Many migraine subtypes are rare syndromes that may be difficult to distinguish and diagnose. As part of the CME topical symposium on unmet needs in the treatment of migraine at the 5th Congress of the European Academy of Neurology (EAN), Prof. Stefan Evers (University of Münster, Germany) provided an overview on rare migraine-related syndromes, and highlighted the need to identify and learn more about these syndromes.Episodic syndromes that may be associated with migraine are a group of migraine-related syndromes classified as its own subgroup of migraine in the third edition of the International Classification of Headache Disorders.1 These syndromes, previously called Childhood periodic syndromes, were initially considered as migraine precursors that only occurred in childhood.2 However, current knowledge suggests that these episodic syndromes may also occur in adults.2 According to Prof. Evers, patients often have a family history of migraine, and affected children may develop typical migraine after puberty. Episodic syndromes that may be associated with migraine include cyclical vomiting syndrome, abdominal migraine, benign paroxysmal vertigo and benign paroxysmal torticollis.

Cyclical vomiting syndrome

Cyclical vomiting syndrome is characterized by intense nausea and vomiting that occurs at least 4 times an hour for at least 1 hour.1 This syndrome is usually stereotypical for each individual patient, and occurs with predictable periodicity, usually in the night or early morning. The prevalence of cyclical vomiting syndrome in children is 2%, and it first manifests around 5 years of age.3

Abdominal migraine

Abdominal migraine is an idiopathic disorder of recurrent attacks of moderate to severe abdominal pain, associated with vasomotor symptoms, nausea and vomiting.1 Other symptoms include pallor and lethargy. Abdominal migraine is not accompanied by headache or gastrointestinal pathology. The attacks last from 2 to 72 hours, with complete freedom from symptoms between attacks.1

Benign paroxysmal vertigo

Benign paroxysmal vertigo is a disorder characterized by recurrent brief attacks of vertigo, occurring without warning.1 The attacks resolve spontaneously after minutes to hours, without loss of consciousness. Associated symptoms may include ataxia, vomiting, pallor, and fearfulness.1 The average age of onset of the attacks is 4 years, with spontaneous resolution around 6 years.4

Benign paroxysmal torticollis

Benign paroxysmal torticollis is a condition with recurrent episodes of head tilt to one side, and may also involve vomiting, irritability, pallor and malaise.1 The attacks remit spontaneously after minutes to days, and tend to occur monthly.1 Benign paroxysmal torticollis affects predominantly infants and small children, and may delay motor development.

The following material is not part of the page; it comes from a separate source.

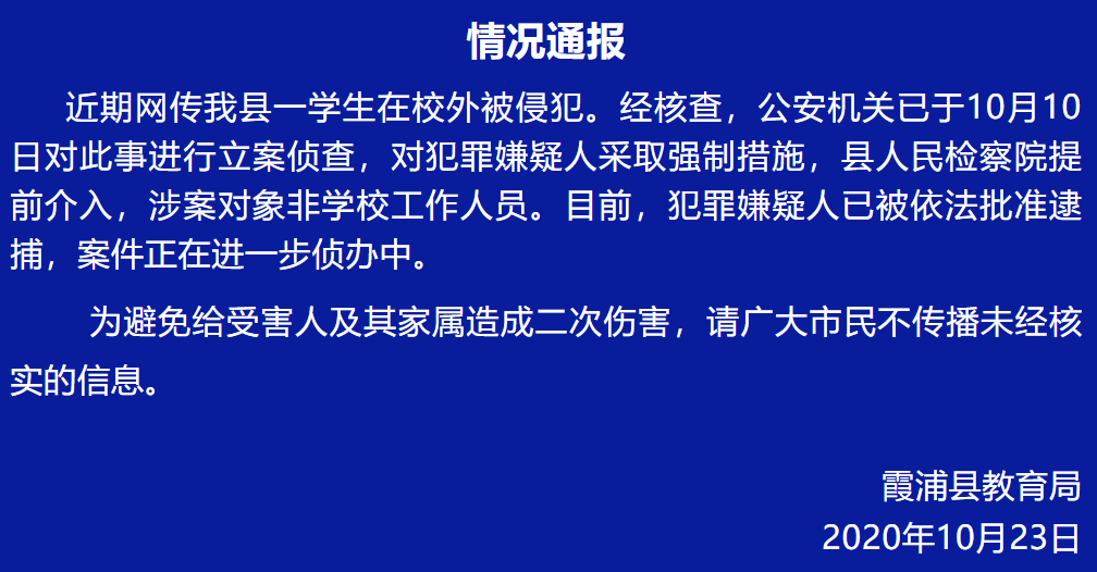 霞浦县教育局微信公号消息,近期网传霞浦县一学生在校外被侵犯。经核查,公安机关已于10月10日对此事进行立案侦查,对犯罪嫌疑人采取强制措施,县人民检察院提前介入,涉案对象非学校工作人员。目前,犯罪嫌疑人已被依法批准逮捕,案件正在进一步侦办中。

Prof. Evers concluded his presentation by discussing why these syndromes may be linked to migraine. Do they have a common genetic background? Are they different symptomatologies of the same etiology? Is there a place for calcitonin gene-related peptide (CGRP) in their management? In Prof. Evers’ opinion the questions are still many, and the paucity of research and controlled trials presents a challenge for both accurate diagnosis and effective treatment.

“There is an unmet need to detect and understand syndromes associated with migraine” 

Stefan Evers (University of Münster, Germany)

  1. Headache Classification Committee of the International Headache Society (IHS). The International Classification of Headache Disorders, 3rd edition. Cephalalgia. 2018;38:1-211.
  2. Lebron D, et al. The episodic syndromes that maybe associated with migraines. Semin Pediatr Neurol. 2016 23:6-10.
  3. Lee LY, et al. The management of cyclic vomiting syndrome: a systematic review. Eur J Gastroenterol Hepatol. 2012;24:1001-1006.
  4. Batuecas-Caletrio A, et al. Is benign paroxysmal vertigo of childhood a migraine precursor? Eur J Paediatr Neurol. 2013;17:397-400.